Rokeach's RVS is based on a 1968 volume (Beliefs, Attitudes, and Values) which presented the philosophical basis for the association of fundamental values with beliefs and attitudes. His value system was instrumentalised into the Rokeach Value Survey in his 1973 book The Nature of Human Values.

Terminal Values
Terminal Values refer to desirable end-states of existence. These are the goals that a person would like to achieve during his or her lifetime. These values vary among different groups of people in different cultures.

The terminal values in RVS are: 

True Friendship
Mature Love
Self-Respect
Happiness
Inner Harmony
Equality
Freedom
Pleasure
Social Recognition
Wisdom
Salvation
Family Security
National Security
A Sense of Accomplishment
A World of Beauty
A World at Peace
A Comfortable Life
An Exciting Life

Instrumental Values
Instrumental Values refer to preferable modes of behavior. These are preferable modes of behavior, or means of achieving the terminal values.

The Instrumental Values are: 

Cheerfulness
Ambition
Love
Cleanliness
Self-Control
Capability
Courage
Politeness
Honesty
Imagination
Independence
Intellect
Broad-Mindedness
Logic
Obedience
Helpfulness
Responsibility
Forgiveness

Criticisms
Keith Gibbins and Iain Walker question whether the values included in the RVS are the ones that are critical.
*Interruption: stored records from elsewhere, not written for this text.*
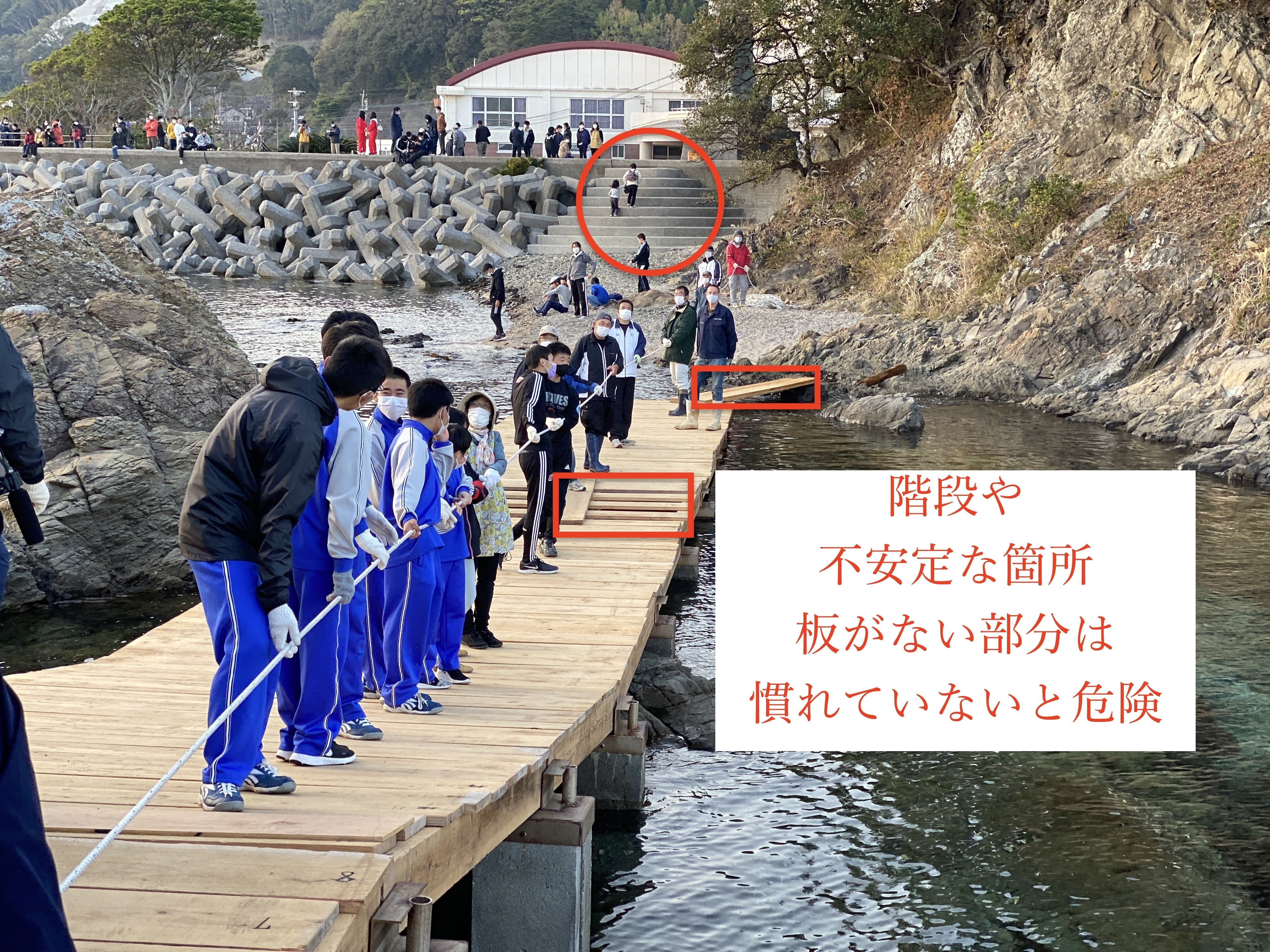 仮設の橋に行くまでには段差の大きな階段、橋自体は最低限の設備であるため、大しめ縄を夫婦岩まで運ぶ作業をする人たち以外は入ることはできません。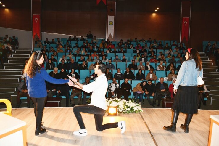 Harran Üniversitesi’nde kültürel ve sanat etkinlikleri kapsamında Mavi Sanat Topluluğu tiyatro ekibi tarafından ”Artiz Mektebi” isimli tiyatro gösterimi yapıldı.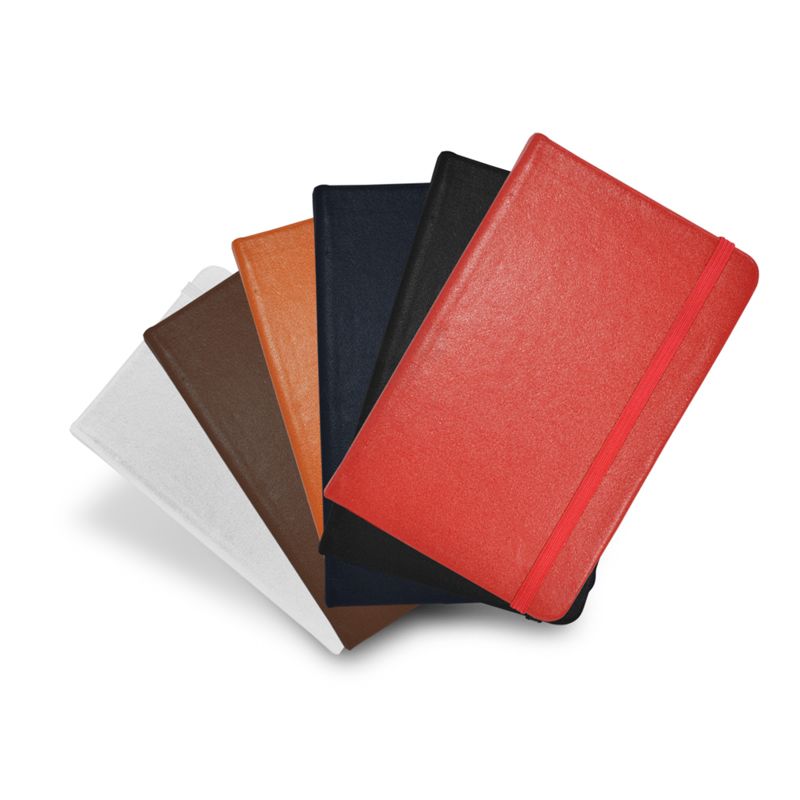 Bloco de Anotação com capa dura produzido em couro sintetico, possui elástico para fechamento, folhas pautadas, cantos arredondados, fita marcação de páginas e aproximadamente 80 folhas pautadas.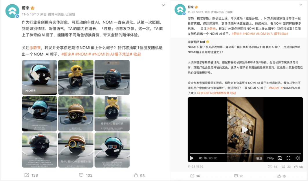 這一讓蔚來服務更加形象化的小人兒,在蔚來的經營下已經有了“養成系機器人”的感覺,配上不同的AI帽子,就能擁有不同的屬性,或化身rapper、或化身劇本殺主持人、或化身領航員……一時間竟然有了與labubu一決雌雄的能力。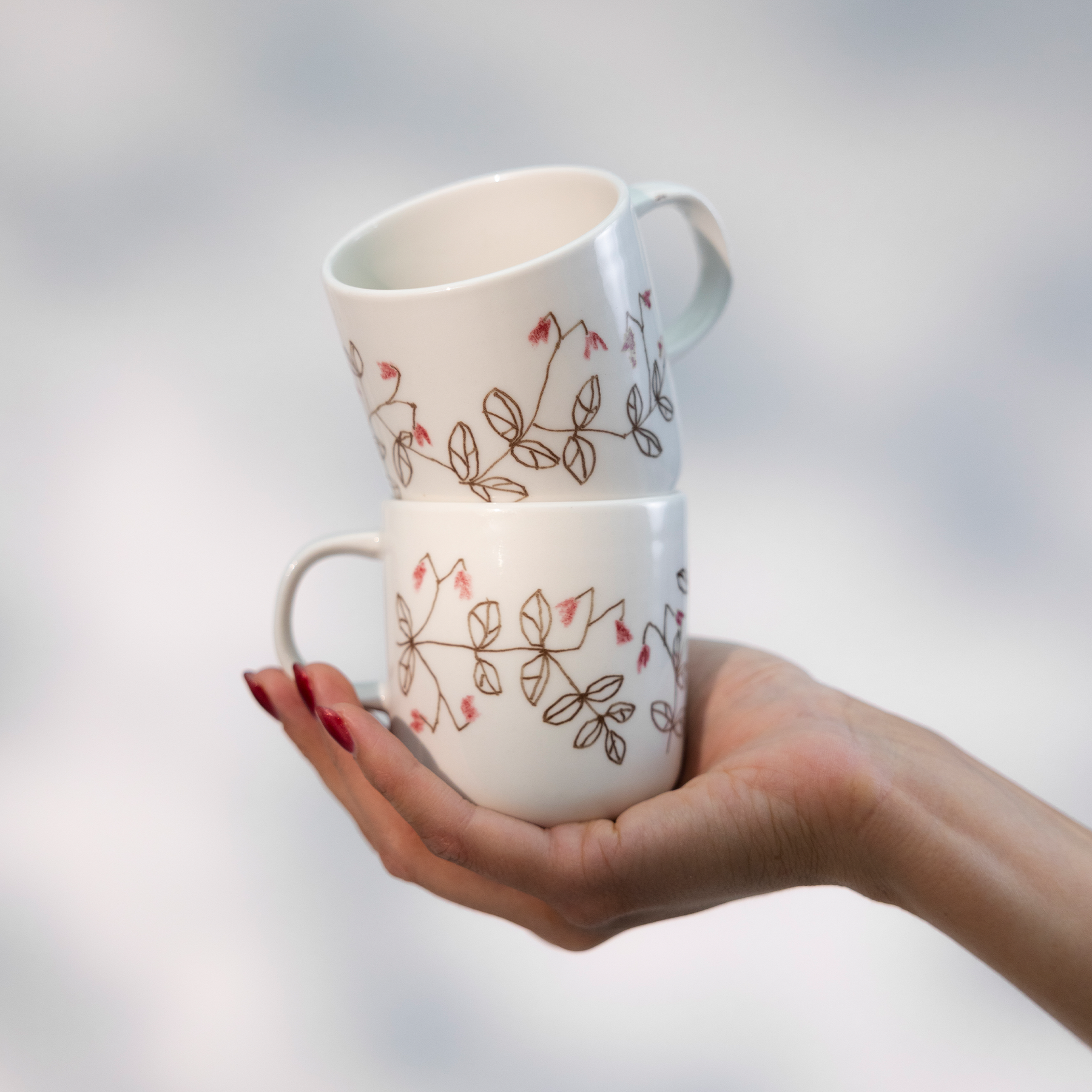 Vanamo plants grow on the surface of moss, intertwined with one another in delicate patterns, creating a blooming carpet. The motifs on Vanamo tableware also continue from one plate to another, as if the table surface were covered with its own blooming forest floor. Combine the mug with other pieces in the series and let the tableware grow like a Vanamo sprout: naturally, smoothly, and beautifully. Vanamo tableware is made in Finland, at the world's northernmost ceramics factory in Posio.

They argue that Rokeach, who started with several hundred values suggested by 130 individuals and a literature review, had inadequate criteria for reducing the values. They also questioned the validity of Rokeach's measures, suggesting that when people rank the values they may not even be ranking the same referents.

See also
 Theory of Basic Human Values
 Values scale
 World Values Survey
 Inglehart–Welzel cultural map of the world

References 

Value (ethics)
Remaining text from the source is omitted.